In some embodiments, the memory 1704 may include a hierarchical memory. In this context, hierarchical memory refers to the concept of computer architecture where computer storage is separated into a hierarchy based on features of memory such as response time, complexity, capacity, performance, and controlling technology. Designing for high performance may require considering the restrictions of the memory hierarchy, i.e., the size and capabilities of each component. With hierarchical memory, each of the various memory components can be viewed as part of a hierarchy of memories (m₁, m₂, . . . , m_in) in which each member m_i is typically smaller and faster than the next highest member m_i+1 of the hierarchy. To limit waiting by higher levels, a lower level of a hierarchical memory structure may respond by filling a buffer and then signaling for activating the transfer. For example, in some embodiments, the hierarchical memory implemented in the memory 1704 may be separated into four major storage levels: 1) internal storage (e.g., processor registers and cache), 2) main memory (e.g., the system RAM and controller cards), and 3) on-line mass storage (e.g., secondary storage), and 4) off-line bulk storage (e.g., tertiary, and off-line storage). However, as the number of levels in the memory hierarchy and the performance at each level has increased over time and is likely to continue to increase in the future, this example hierarchical division provides only one non-limiting example of how the memory 1704 may be arranged.

The processing device 1700 may include a communication device 1706, which may be implemented substantially as described above with reference to the communication chip 1606 (FIG. 16). In some embodiments, the communication device 1706 may be a designated device configured to provide communication functionality for the components of the processing device 1700 (i.e., local), while the communication chip 1606 may be configured to provide system-level communication functionality for the entire computing device 1600 (i.e., global).

The processing device 1700 may include interconnects 1708, which may include any element or device that includes an electrically conductive material for providing electrical connectivity to one or more components of, or associated with, a processing device 1700 or/and between various such components. Examples of the interconnects 1708 include conductive lines/wires (also sometimes referred to as “lines” or “metal lines” or “trenches”) and conductive vias (also sometimes referred to as “vias” or “metal vias”), metallization stacks, redistribution layers, metal-insulator-metal (MIM) structures, etc.

The processing device 1700 may include a temperature detection device 1710 which may be implemented substantially as described above with reference to the temperature detection device 1626 (FIG. 16) but configured to determine temperatures on a more local scale, i.e., of the processing device 1700 of components thereof. In some embodiments, the temperature detection device 1710 may be a designated device configured to provide temperature detection functionality for the components of the processing device 1700 (i.e., local), while the temperature detection device 1626 may be configured to provide system-level temperature detection functionality for the entire computing device 1600 (i.e., global).

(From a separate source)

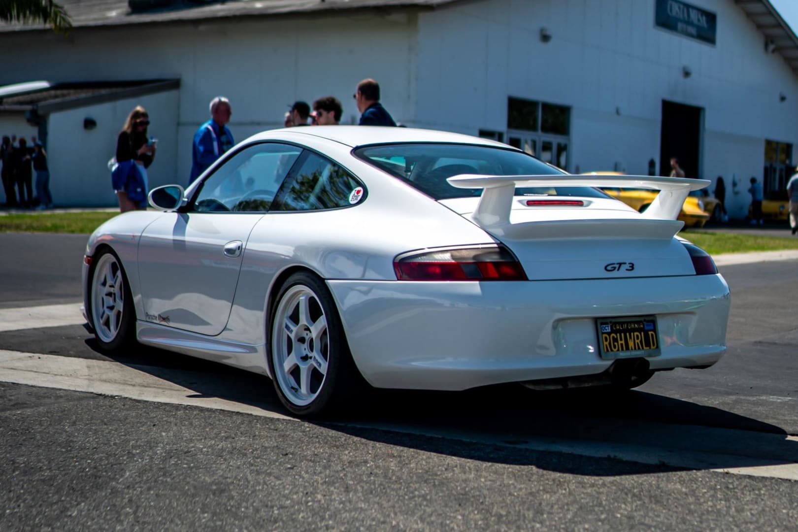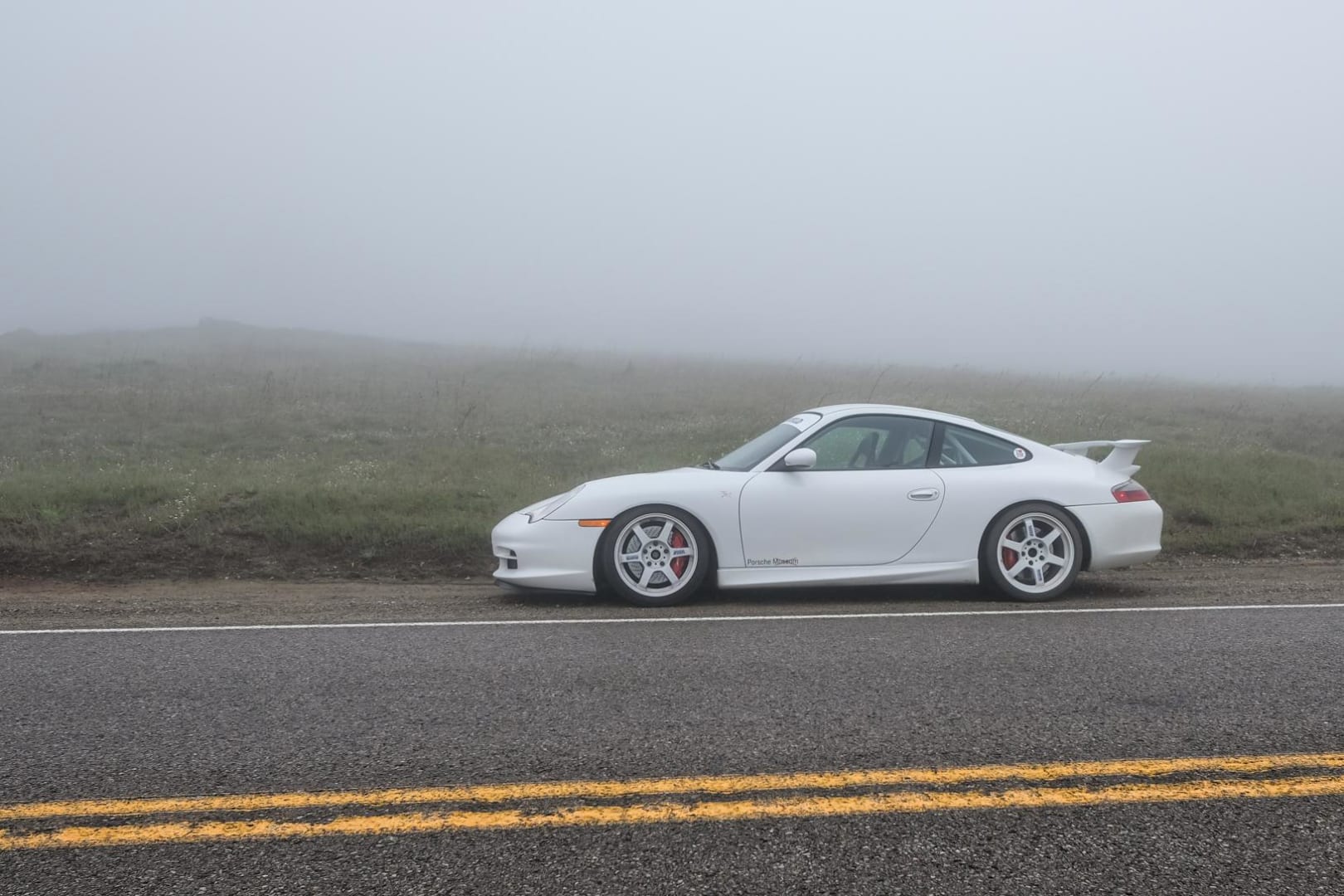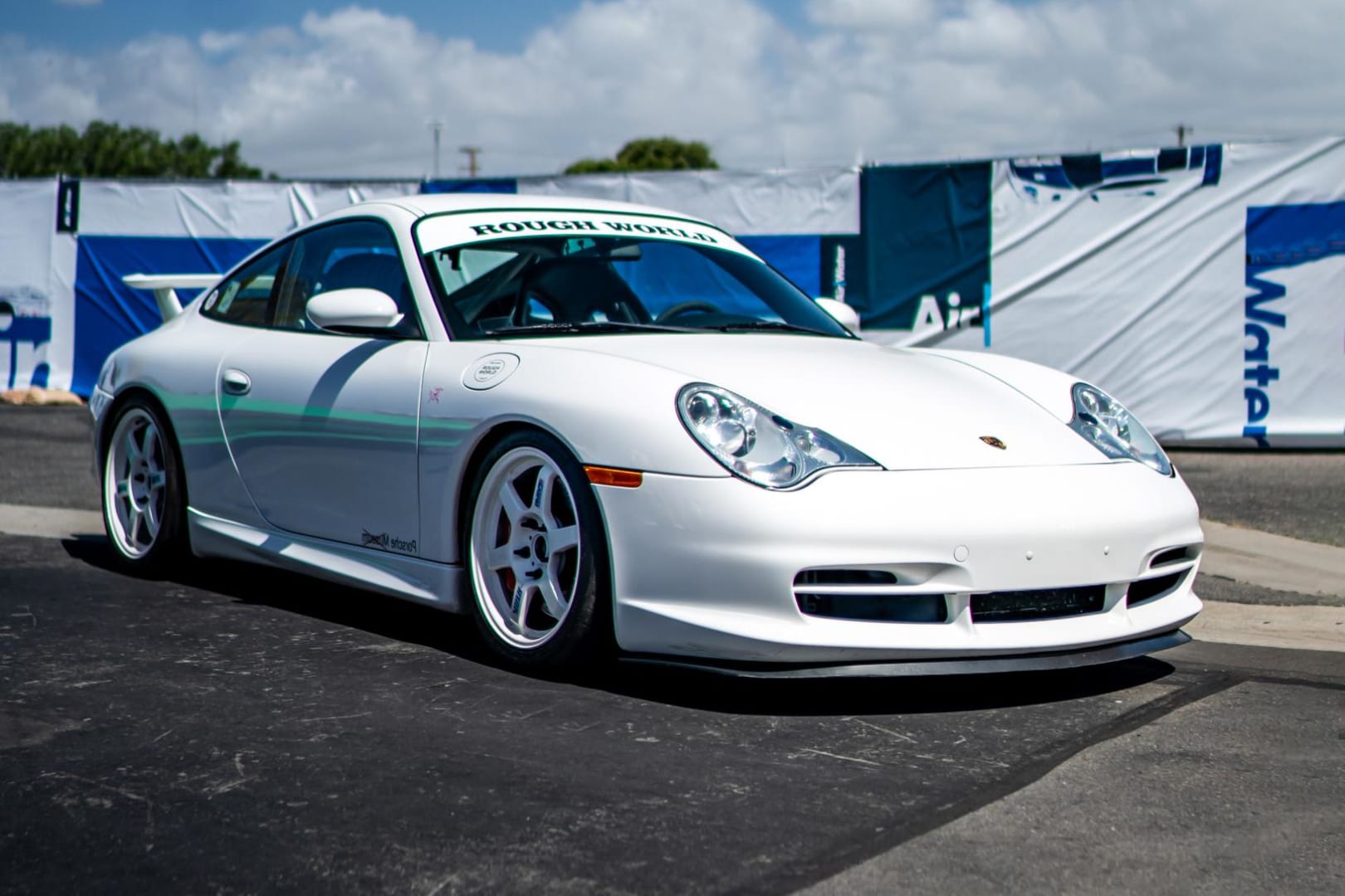 This 996.2 911 GT3 sports a roll bar and a 991 GT3 muffler to let the glorious flat-6 Mezger be heard as the tach sweeps past 8k revs.

The processing device 1700 may include a temperature regulation device 1712 which may be implemented substantially as described above with reference to the temperature regulation device 1628 (FIG. 16) but configured to regulate temperatures on a more local scale, i.e., of the processing device 1700 of components thereof. In some embodiments, the temperature regulation device 1712 may be a designated device configured to provide temperature regulation functionality for the components of the processing device 1700 (i.e., local), while the temperature regulation device 1628 may be configured to provide system-level temperature regulation functionality for the entire computing device 1600 (i.e., global).

The processing device 1700 may include a battery/power circuitry 1714 which may be implemented substantially as described above with reference to the battery/power circuitry 1610 (FIG. 16). In some embodiments, the battery/power circuitry 1714 may be a designated device configured to provide battery/power functionality for the components of the processing device 1700 (i.e., local), while the battery/power circuitry 1610 may be configured to provide system-level battery/power functionality for the entire computing device 1600 (i.e., global).

The processing device 1700 may include a hardware security device 1716 which may be implemented substantially as described above with reference to the security interface device 1624 (FIG. 16). In some embodiments, the hardware security device 1716 may be a physical computing device configured to safeguard and manage digital keys, perform encryption and decryption functions for digital signatures, authentication, and other cryptographic functions. In some embodiments, the hardware security device 1716 may include one or more secure cryptoprocessors chips.

The above description of illustrated implementations of the disclosure, including what is described in the Abstract, is not intended to be exhaustive or to limit the disclosure to the precise forms disclosed. For example, while the above descriptions of the drawings are provided with respect to the reference numeral “104” representing the dipole layer and the reference numeral “106” representing the high-k dielectric, in other embodiments, the designations of these reference numerals and the associated descriptions may be reversed. In such embodiments, the drawings may remain the same, but the reference numeral “104” may represent the high-k dielectric while the reference numeral “106” may represent the dipole layer. Thus, in such embodiments, the multilayer gate oxide 110 disposed between the gate electrode material 108 and the channel material 102 is such that the dipole layer is between the gate electrode material and the channel material, and the high-k dielectric is between the dipole layer and the channel material.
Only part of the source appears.